Meaning that the personnel who didn’t play well enough last time around with John Tortorella behind the bench is pretty much going to be the same personnel Vigneault directs in 2013-14.

Richards yesterday respectfully declined the opportunity to respond to management’s decision to provide him the opportunity for an encore. Earlier in the week, as he awaited the decision, he told The Post in an email, “Things will be better next year wherever I am.”

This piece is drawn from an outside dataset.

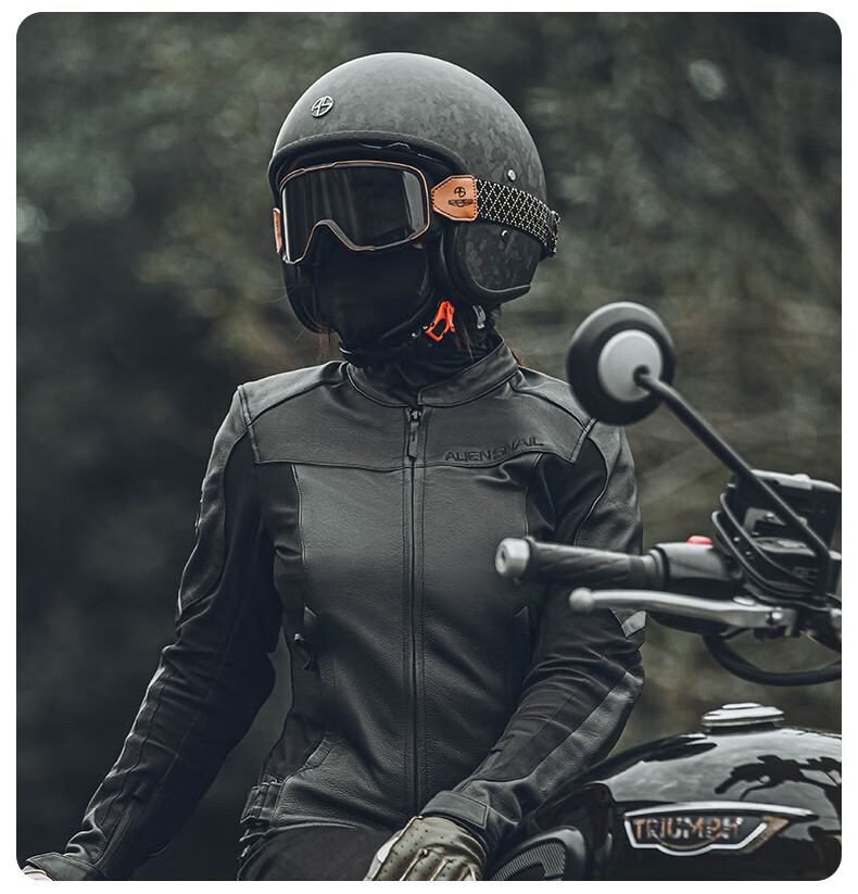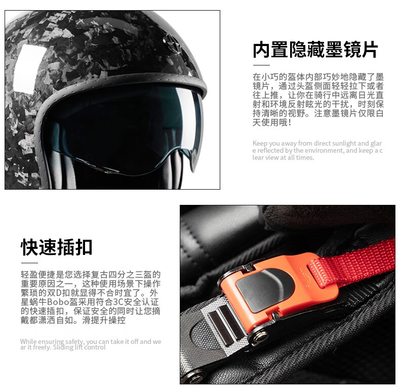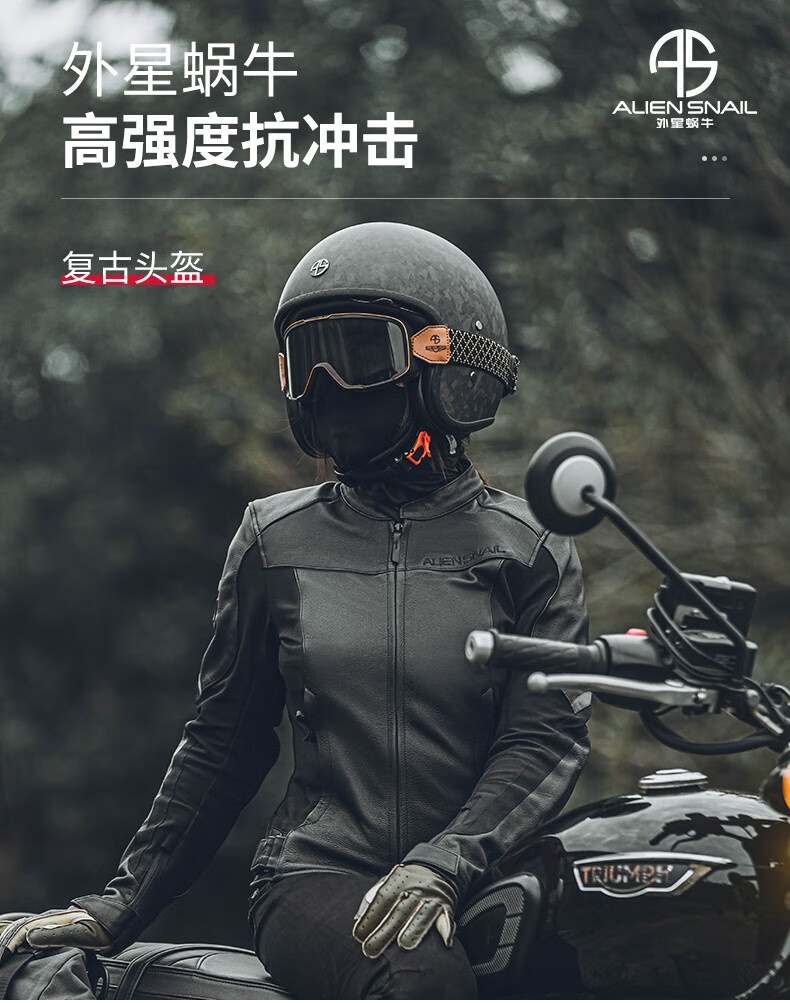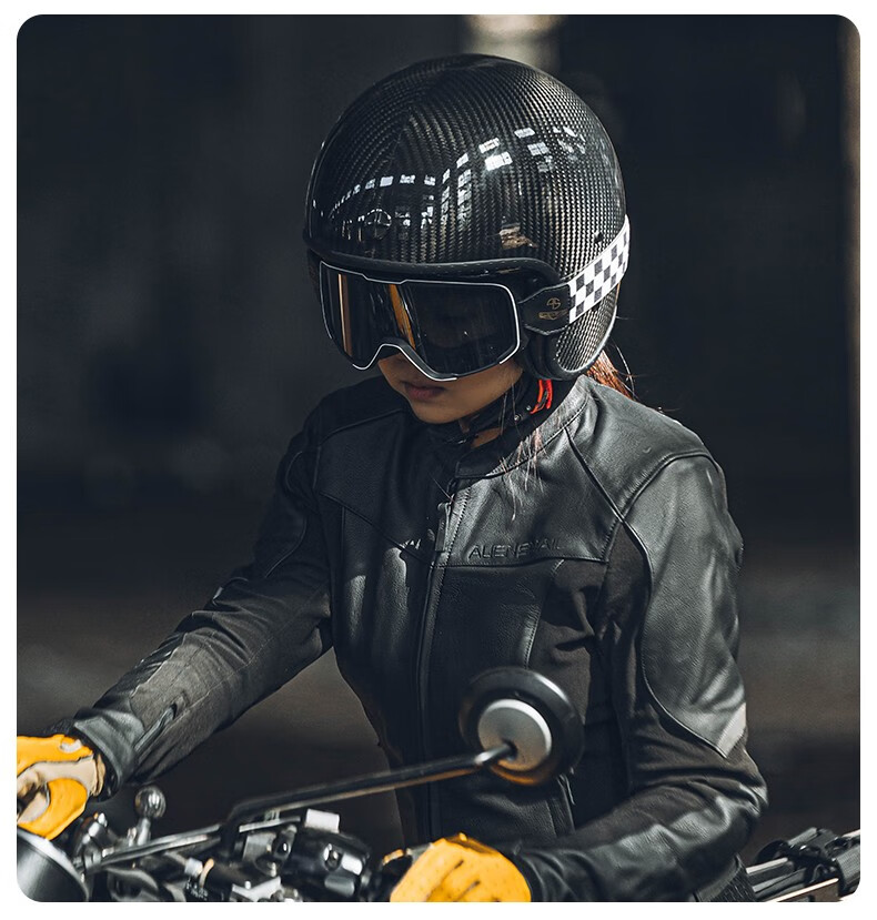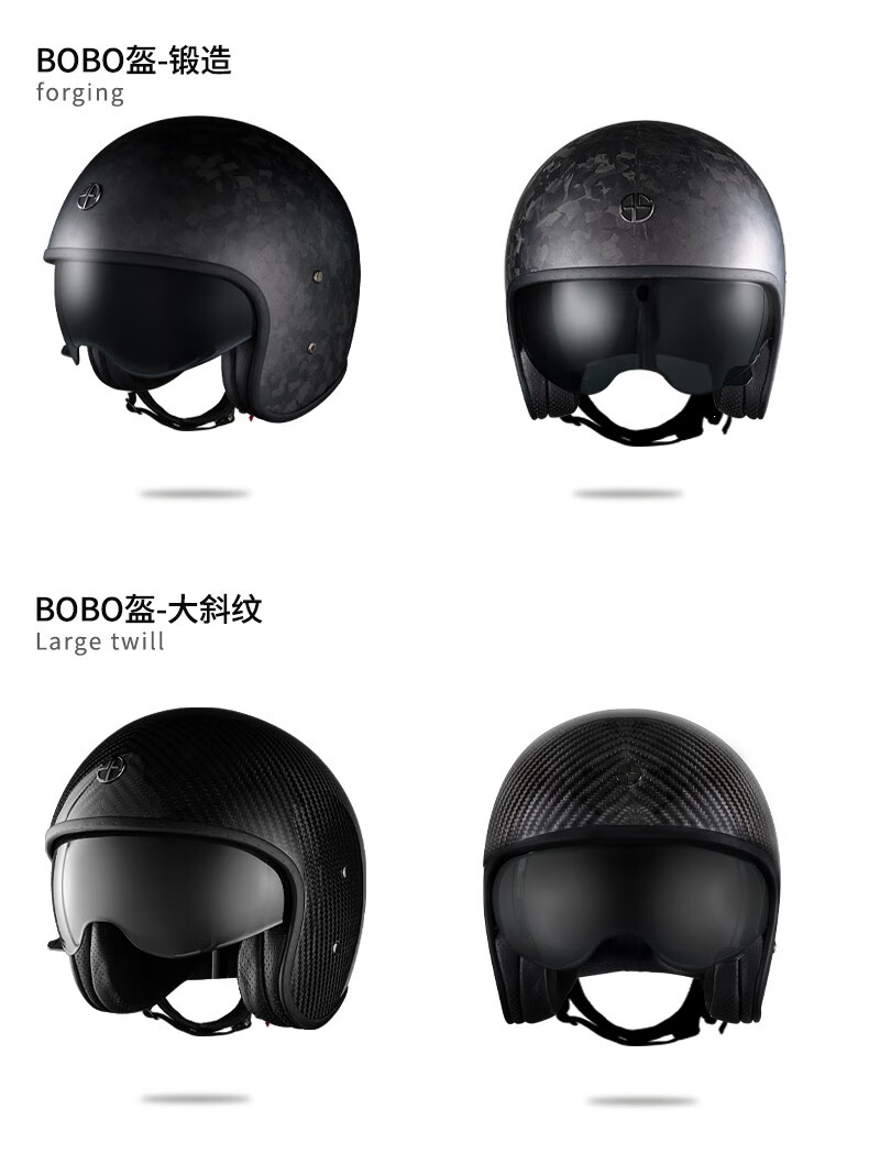 外星蜗牛复古头盔摩托车碳纤维3/4盔夏季机车男骑行女踏板巡航安全帽 锻造纹路-哑光 2XL

There is no doubt that Richards, a creature of habit, suffered because the uncertainty of the lockout compromised, if not destroyed, his preseason preparation. His game disintegrated and so did the center’s relationship with Tortorella.

“I didn’t feel normal all season,” he said on breakup day. “There are a thousand things it could have been, but I’m not going to dwell on that now.”

A buyout seemed etched in stone that day. But Tortorella’s firing opened the door for the Rangers to revisit the matter, and Vigneault’s hiring created a clean slate for everybody.

Including Richards, who needs to be what the Rangers envisioned when he signed in the first place two years ago.

* The Blueshirts appear to have approximately $2 million of wiggle room under the cap, assuming the signings of Ryan McDonagh, Derek Stepan, Carl Hagelin and Mats Zuccarello. In other words, say goodbye to pending unrestricted free agent Ryane Clowe.